九月庚寅日,朝廷任命于頔为司空,依旧担任同平章事;加封右仆射裴均为同平章事,充任山南东道节度使。淮南节度使王锷入朝觐见。王锷家境极其富裕,他用丰厚的财物进献朝廷,并且贿赂宦官,请求担任同平章事。翰林学士白居易上奏说:“宰相是臣子的最高职位,不是有崇高声望和卓着功勋的人,不应该授予。前不久任命裴均为宰相,外界的议论已经沸沸扬扬,现在又要任命王锷为宰相,那么像王锷这样的人都会产生非分之想。如果把宰相职位都授予这些人,就会严重败坏朝廷的典章制度,而且他们也不会感激陛下的恩德;如果不授予他们,就会显得厚薄不均,有的人还会心生怨恨。侥幸之门一旦打开,后果将不堪设想。况且王锷在淮南任职五年,用尽各种手段搜刮民财,积蓄了充足的财物之后,才亲自入朝进献。如果任命他为宰相,天下的藩镇节度使都会认为王锷是因为进献财物才得到宰相职位,就会争相搜刮百姓,那么百姓怎么能够承受呢!”于是这件事便搁置了下来。
壬辰日,朝廷加封宣武节度使韩弘为同平章事。
丙申日,朝廷任命户部侍郎裴垍为中书侍郎、同平章事。宪宗虽然因为李吉甫的缘故罢免了裴垍的翰林学士职务,但对他的宠信却更加深厚,所以没过多久就将他提拔为宰相。起初,德宗皇帝不信任宰相,天下的琐碎事务都亲自裁决,因此裴延龄之流才得以掌权。宪宗在做藩王的时候,内心就对此不以为然。等到即位之后,他选拔任用宰相,推心置腹地委托他们处理政务,曾经对裴垍等人说:“凭借太宗、玄宗皇帝的英明,尚且需要依靠宰相的辅佐,才能实现天下大治,更何况我这样的人,远远比不上先圣呢!”裴垍也竭诚辅佐宪宗。宪宗曾经问裴垍:“治理国家的关键,首先应该做什么?”裴垍回答说:“首先应该端正君主的心志。”按照旧有的制度,百姓缴纳的赋税分为三部分:一部分上缴朝廷,称为上供;一部分送交节度使,称为送使;一部分留在本州,称为留州。建中初年制定两税法的时候,商品昂贵,钱币便宜。从那以后,商品价格降低,钱币价值增高,百姓所缴纳的赋税,已经比最初增加了一倍。那些留在本州、送交节度使的赋税,各地又降低了官方的估价,按照实际的市价折算,以此加重对百姓的搜刮。等到裴垍担任宰相之后,上奏说:“天下留在本州、送交节度使的财物,请求一律按照官方估价折算。各观察使的经费,先从自己治理的州府收取,不够的话,才允许向所属的其他州府收取。”从此以后,江淮地区的百姓才逐渐得到休养生息。在此之前,官员们进行考核,大多流于形式,粉饰太平,只有裴垍一人注重考察官员的实际政绩。裴垍的器量严谨庄重,人们不敢用私事来请托他。曾经有一位老朋友从远方前来拜访他,裴垍送给对方丰厚的礼物,款待得十分热情。这个人趁机请求裴垍任命自己为京兆府判司,裴垍说:“你的才能不适合担任这个官职,我不敢因为老朋友的私情,而损害朝廷的公正。以后如果有不辨是非的宰相怜惜你,或许你能得到这个职位,但我绝对不可以这么做。”

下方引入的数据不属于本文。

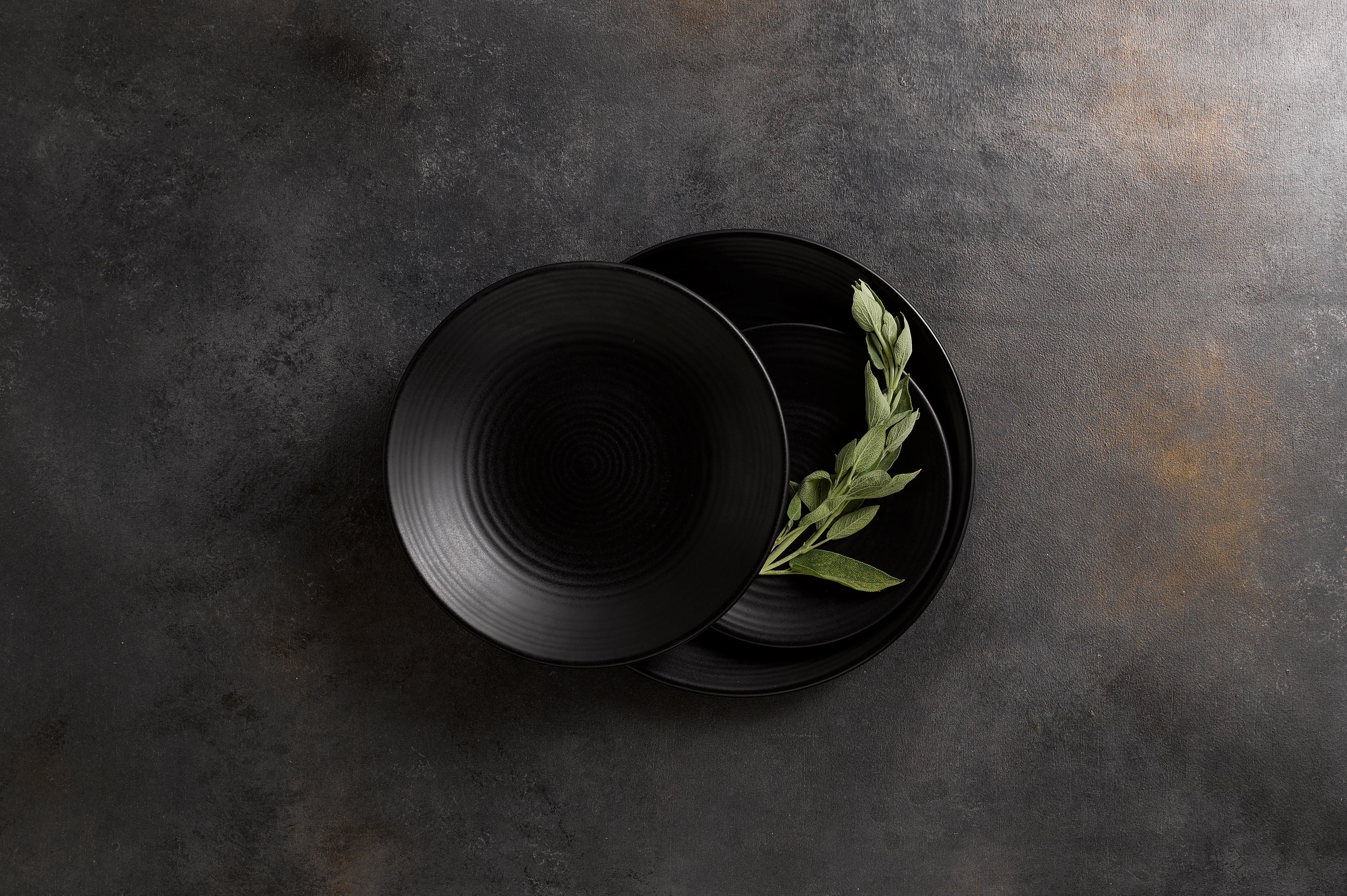 - Unik glasur og tekstur: Fuldglasering med hånddyppet, reaktiv sort glasur, der giver variation og et personligt præg til hver tallerken.

戊戌日,朝廷任命中书侍郎、同平章事李吉甫为同平章事,充任淮南节度使。河中、晋绛节度使、邠宣公社黄裳去世。
冬季十二月庚戌日,朝廷在临泾设置行原州,任命镇将郝泚为刺史。
南诏王异牟寻去世,他的儿子寻阁劝即位。
元和四年,公元809年春季正月戊子日,简王李遘去世。接着,渤海康王大嵩璘去世,他的儿子大元瑜即位,改年号为永德。
南方发生旱灾,粮食歉收,出现饥荒。庚寅日,宪宗任命左司郎中郑敬等人担任江淮、两浙、荆湖、襄鄂等道宣慰使,前往赈济抚恤灾民。临行之前,宪宗告诫他们说:“我在皇宫之中,使用一匹丝帛,都要登记它的数量,唯独在救济百姓的时候,就不必计较费用了。你们应当明白我的心意,不要效仿潘孟阳那样,只知道饮酒游山。”

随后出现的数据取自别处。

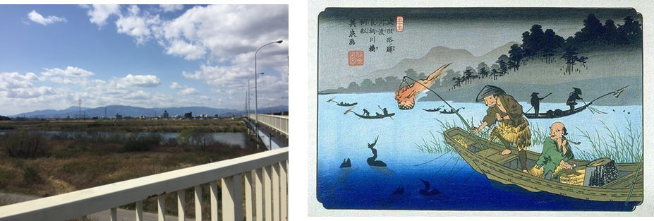 橋の前方、河渡宿方面の眺め

给事中李籓在门下省任职,遇到有不合适的制敕,就在黄纸的背面直接批注。门下省的官吏请求他另外连接白纸进行批注,李籓说:“如果这样做,就成了写文书,还叫什么批敕呢!”裴垍举荐李籓,认为他有担任宰相的才能。宪宗认为门下侍郎、同平章事郑絪处事圆滑,只知道迎合取悦,二月丁卯日,罢免郑絪的宰相职务,改任他为太子宾客;提拔李籓为门下侍郎、同平章事。李籓知无不言,宪宗十分器重他。

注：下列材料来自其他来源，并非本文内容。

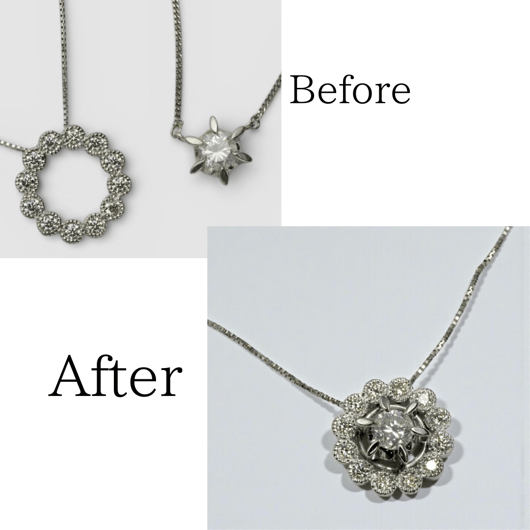| リフォーム内容 | 2つのペンダントを1つに統合(石の留め直し・加工) |

河东节度使严绶在任九年,军政事务和官员任免,全部由监军李辅光决定,严绶只是拱手听命而已。裴垍将这种情况详细上奏宪宗,请求任命李鄘接替严绶的职务。三月乙酉日,朝廷任命严绶为左仆射,任命凤翔节度使李鄘为河东节度使。
成德节度使王士真去世,他的儿子、副大使王承宗自行担任留后。黄河以北的幽州、成德、魏博三镇,向来相互沿袭,都设置副大使一职,由节度使的嫡长子担任,节度使去世之后,副大使就接替执掌军务。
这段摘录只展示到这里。